Publié le Mardi 24 mars 2026 à 17h20.

30 mars : Pour la Terre, pour la Palestine — de la mémoire à la lutte

 

Le 30 mars marque la Journée de la Terre, date clé de l’histoire palestinienne. En 1976, une grève générale éclate en réponse à la confiscation de terres palestiniennes. Ce jour-là, six manifestants non armés sont tués. Près de cinquante ans plus tard, cette lutte pour la terre et la dignité reste d’une brûlante actualité. Les PalestinienNEs continuent de faire face à l’expropriation, à la violence et à une répression systématique.

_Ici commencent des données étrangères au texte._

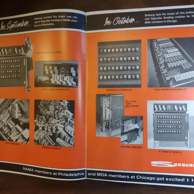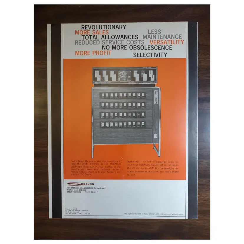This vintage Seeburg cigarette vending machine flyer booklet from 1968 is a rare find for collectors of ephemera and paper memorabilia. Measuring 8.5" x 11", it features stunning promo art and is in excellent shape for its age. Made in the United States, this item is a testament to the quality craftsmanship of the era and is sure to be a conversation starter in any collection. Its time period manufactured and modified item status make it a valuable addition to any vintage collection. Don't miss out on the chance to own a piece of history.
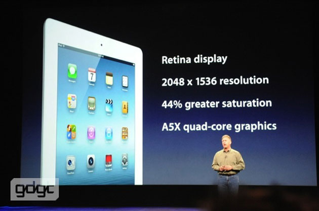 От планшетов предыдущего, второго поколения, устройство отличают более мощный процессор (A5X, который по производительности вдвое опережает A5), а также новый экран Retina с разрешением 2048 на 1536 пикселей (плотность пикселей - 264 на дюйм). Цвета на новом экране выглядят более насыщенными, подчеркнул вице-президент Apple Фил Шиллер.
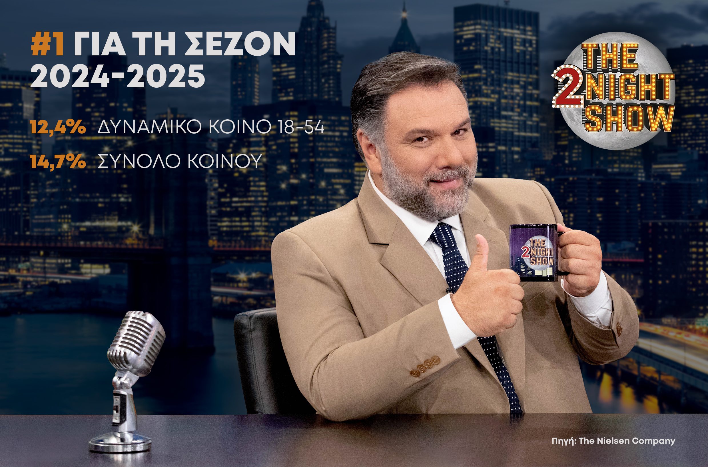 Με 12,4% στο δυναμικό κοινό και 14,7% στο σύνολο, το «The 2Night Show» αποχαιρέτησε την 9η σεζόν στην κορυφή, ανανεώνοντας το ραντεβού του για τον επόμενο τηλεοπτικό χειμώνα.
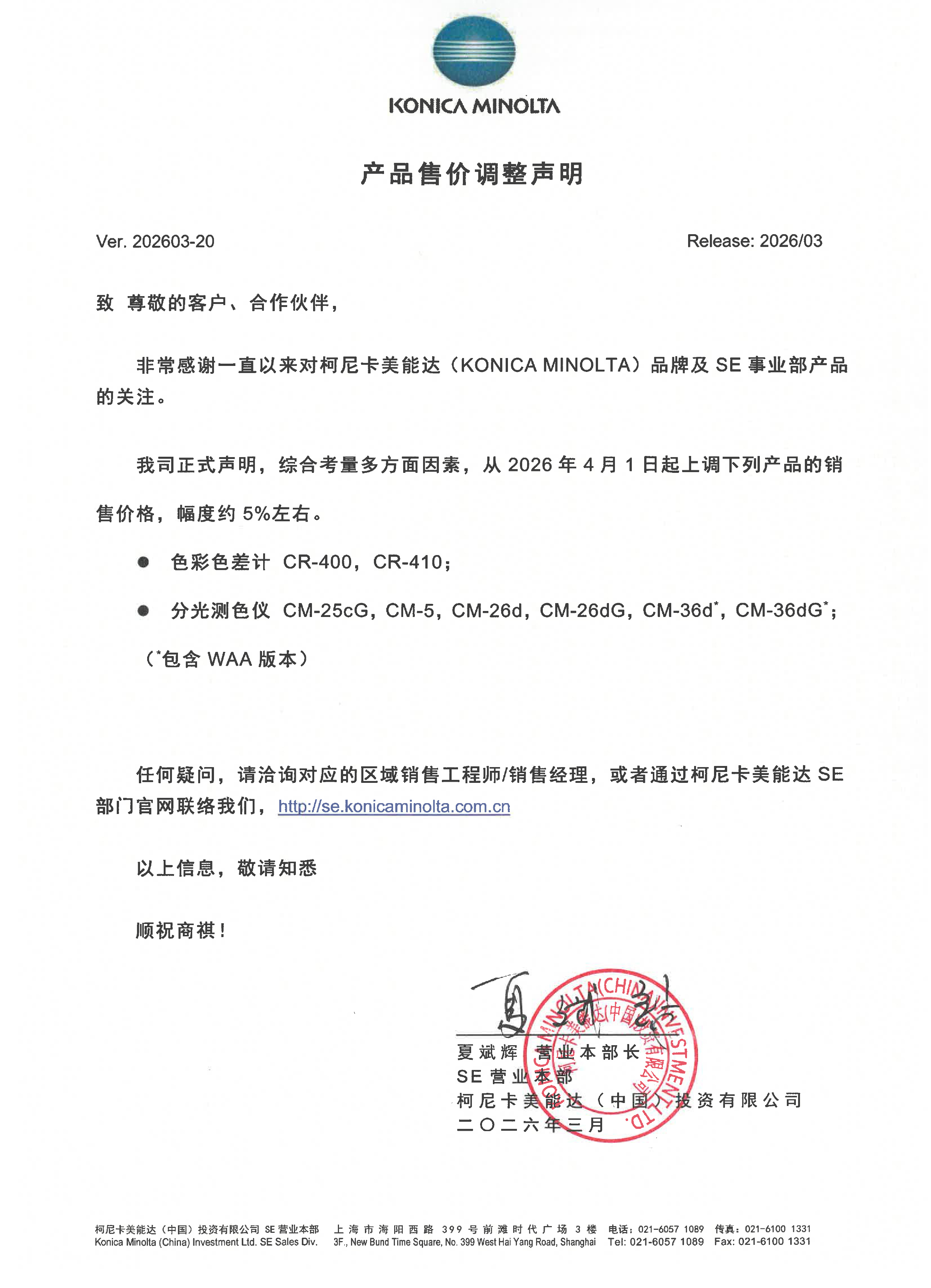 非常感谢一直以来对柯尼卡美能达(KONICA MINOLTA)品牌及SE事业部产品的关注。

Les mobilisations du 28 mars s’inscrivent dans cette continuité. Elles rappellent que la confiscation des terres se poursuit en Cisjordanie comme à Gaza, accompagnée d’attaques répétées contre les populations civiles. Des villages sont visés, des habitations incendiées, des familles contraintes à l’exil. Cette réalité n’est pas du passé : elle se déroule sous nos yeux, aujourd’hui encore.

 

Un terrible bilan

À Gaza, la situation humanitaire est dramatique. La population vit sous la menace constante de bombardements, tandis que l’aide humanitaire reste insuffisante et elle ne peut parvenir jusqu’aux palestinienNEs. Les conséquences psychologiques sont immenses : 96 % des enfants de Gaza ont le sentiment que la mort est imminente. Ils vivent dans la peur permanente, beaucoup souffrent de traumatismes profonds, d’anxiété et de dépression. Cette détresse massive touche aussi les adultes, révélant une crise humaine majeure la plupart du temps ignorée.

 

En Palestine et ailleurs, l’impérialisme ravage

Au-delà de la Palestine, les violences et destructions s’étendent à d’autres territoires, notamment au Liban, où des infrastructures civiles et médicales sont également touchées. Ces dynamiques de guerre et de domination sont largement le fait des puissances impérialistes qui agissent pour défendre leurs intérêts économiques et leurs zones d’influence et qui n’hésitent pas à s’allier avec des régimes qui répriment violemment leurs peuples.

 

Partout, mobilisons-nous !

Face à cette situation, nous devons nous mobiliser en solidarité avec les peuples qui résistent et contre les impérialismes, dont celui de la France, complices du génocide à Gaza et responsables de la généralisation de la guerre dans la région. La Journée de la Terre n’est pas seulement un rappel historique : elle est un appel à l’action. Elle revendique un droit essentiel, celui des peuples à disposer d’eux-mêmes.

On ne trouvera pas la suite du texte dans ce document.